Se fosse Lula pedindo voto auditável, ninguém questionaria o custo “altíssimo” da medida. Tampouco estariam por aí exaltando a infalibilidade da máquina como se fosse um dogma desse cientificismo aplicado ao processo eleitoral. Pelo contrário, se fosse Lula pedindo voto auditável, todos estariam empenhados em questionar o “progresso” hoje inquestionável.

Se fosse Lula pedindo voto auditável, a inexplicável teimosia de Luís Roberto Barroso teria explicações melhores do que as de hoje. Aliás, se fosse Lula pedindo o voto auditável, os cientistas políticos e outras figuras do nosso folclore estariam dizendo que a política é a arte da negociação e que, para garantir a segurança de um dos pilares dessa nossa democracia de palafita, é preciso garantir que ao menos parte dos votos sejam auditáveis já nas eleições de 2022.

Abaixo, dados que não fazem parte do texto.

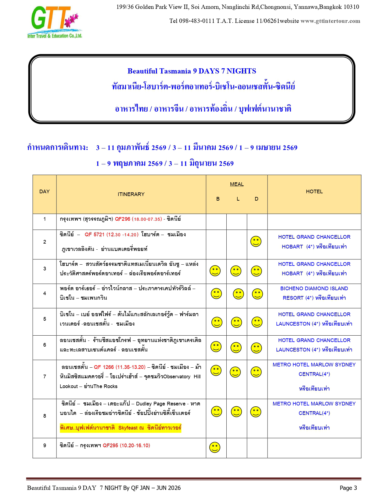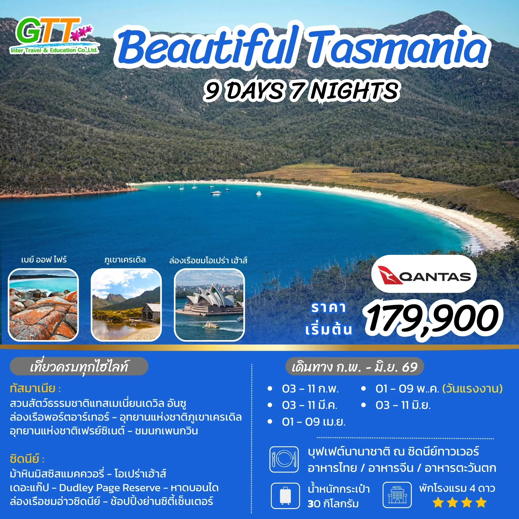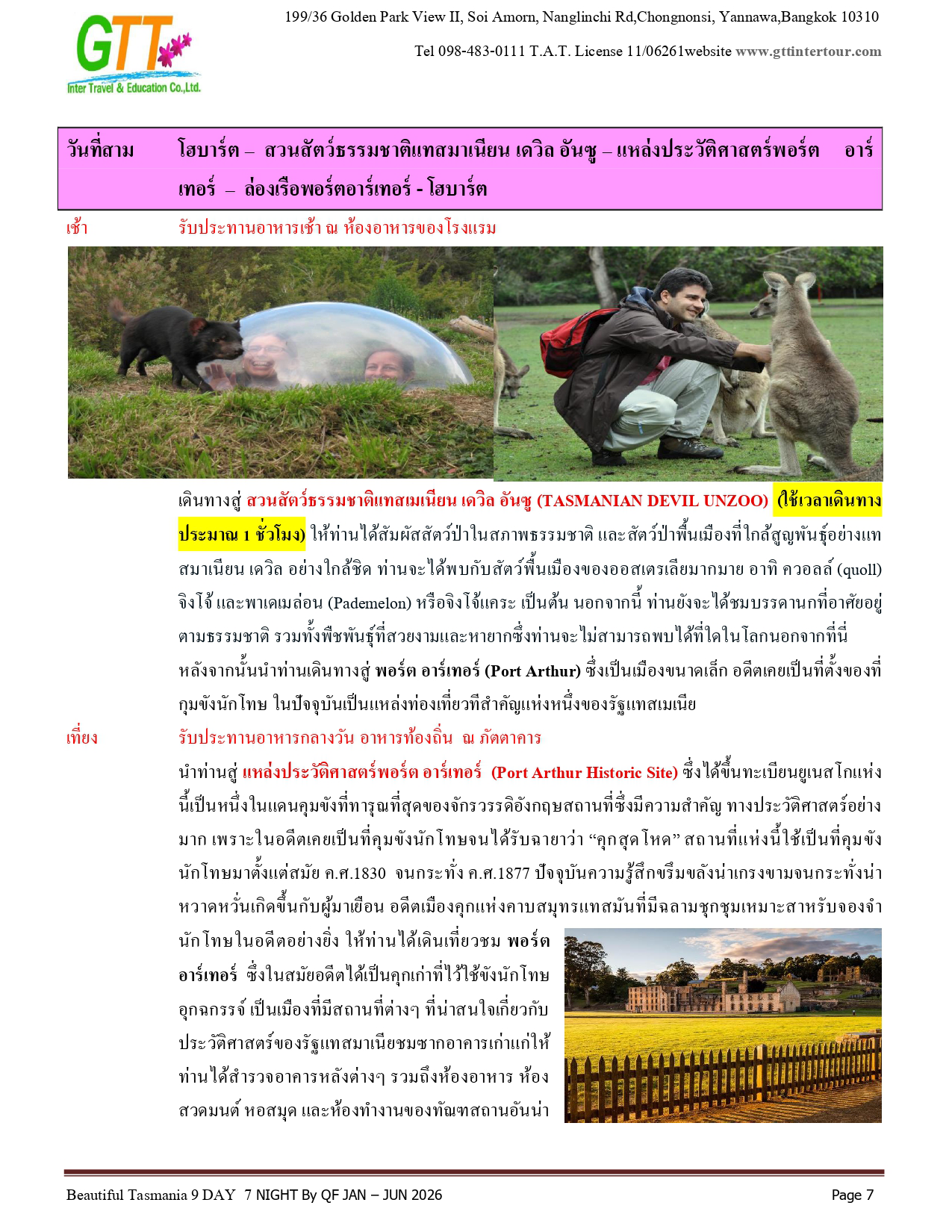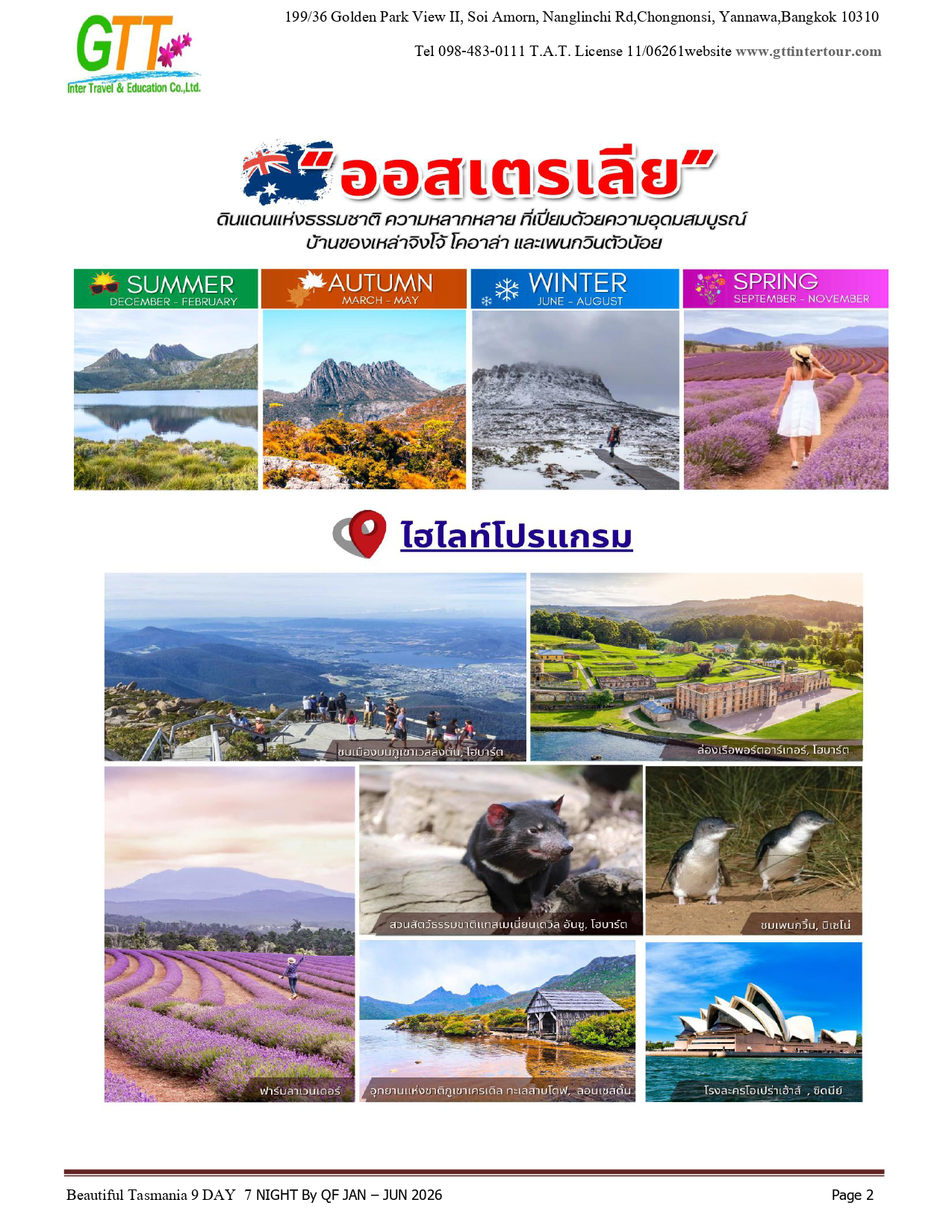 โฮบาร์ต - สวนสัตว์ธรรมชาติแทสเมเนี่ยนเดวิล - ล่องเรือพอร์ตอาร์เทอร์ - บิเชโน - อุทยานแห่งชาติเฟรย์ซิเนต์ - ลอนเชสตั้น - อุทยานแห่งชาติภูเขาเครเดิล - ซิดนีย์ - หาดบอนได - ล่องเรือชมอ่าวซิดนีย์

Se fosse Lula pedindo o voto auditável, o ministro Luís Roberto Barroso estaria pessoalmente empenhado em garantir a aprovação da PEC 135. Que, por sinal, receberia nomes fofos como PEC da Urna Confiável, PEC das Eleições Transparentes, PEC do Amor ao Voto ou PEC da Confiança. E haveria transmissão dos debates e das votações nas comissões e depois no Congresso e no Senado. E os deputados e senadores exigiriam voto nominal para poderem aparecer na televisão dizendo que “pela democracia, pelo futuro do país, em defesa do Estado Democrático de Direito, eu voto ‘sim’!!!!”.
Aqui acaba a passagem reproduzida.